Alacağımız kredilerin vade müddetini kısaltıp minimum ödemesini iki katına çıkardılar. Yıllar evvel verilen kelamlar çabucak unutuluyor. Milyonlara kamu işçisinin, emeklinin adil bir ek gösterge talebi, kapsamı alabildiğine daraltılarak görmezden geliniyor. ‘Kamuda 3600 devrimi’ diye yutturmak istedikleri düzenlemeden 5,3 milyon memurun ve memur emeklisinin yararlanacağını tez ediyorlar.
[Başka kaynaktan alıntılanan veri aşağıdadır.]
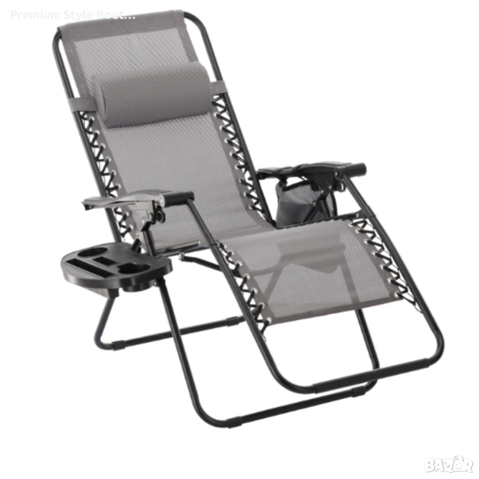 Сгъваем градински шезлонг със стойка, джоб и възглавница - мобилна зона за комфорт
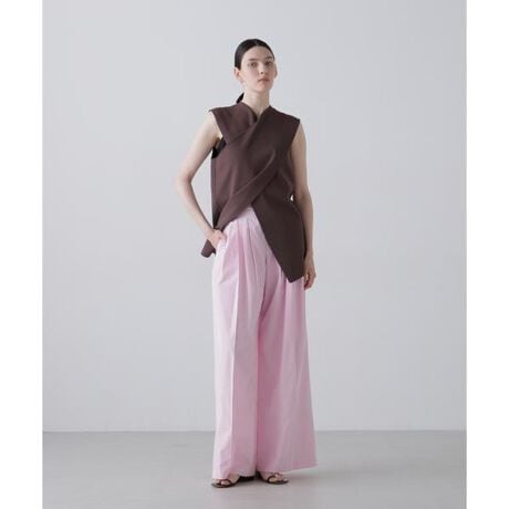 シルエットはワイドでフロント部分の細かなタックデザインがポイント。
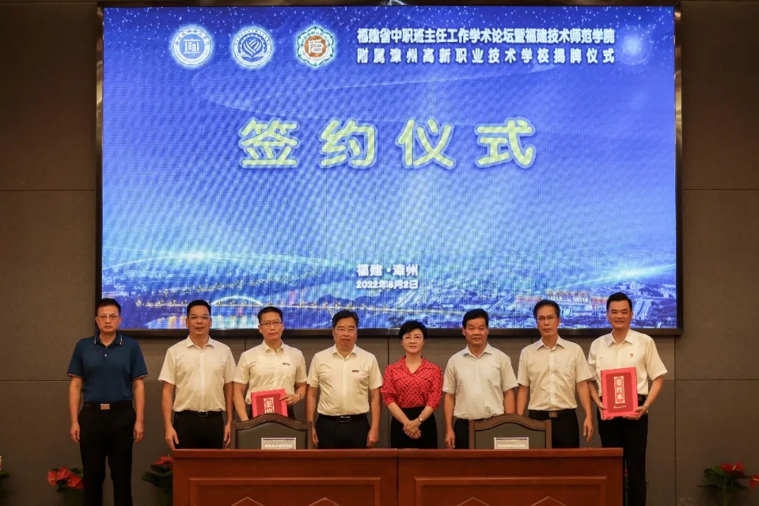 8月2日,福建技术师范学院附属漳州高新职业技术学校揭牌仪式在漳州举行。我校校长廖深基、副校长陈志勇,漳州市人民政府副市长余向红,漳州市委教育工委书记、市教育局党组书记、局长黄江辉,漳州市委高新技术产业开发区党工委书记苏孝道,漳州高新职业技术学校党委书记、校长赵为船等出席了揭牌仪式。

Meğer düzenleme ile daha baştan 600 bine yakın kontratlı çalışanı her bakımdan, 2008’den sonra vazifeye başlayan yaklaşık bir milyon 750 bin kamu işçisini ise emeklilik maaşı bakımından kapsam dışında tutuyorlar. 600 puanlık artışın ek göstergesi 3000’in altında olanlara hudutlu yansıyacağı düzenlemeyi ‘devrim’ diye yutturmaya çalışıyorlar. Yoksulluktan, işsizlikten bunalan milyonlarla dalga geçercesine, ‘Ülke büyüyor, çarklar dönüyor, beşerler iş buluyor’ üzere nutuklara her gün bir yenisi ekleniyor.
‘İnsanca yaşamaya yetecek fiyat istiyoruz’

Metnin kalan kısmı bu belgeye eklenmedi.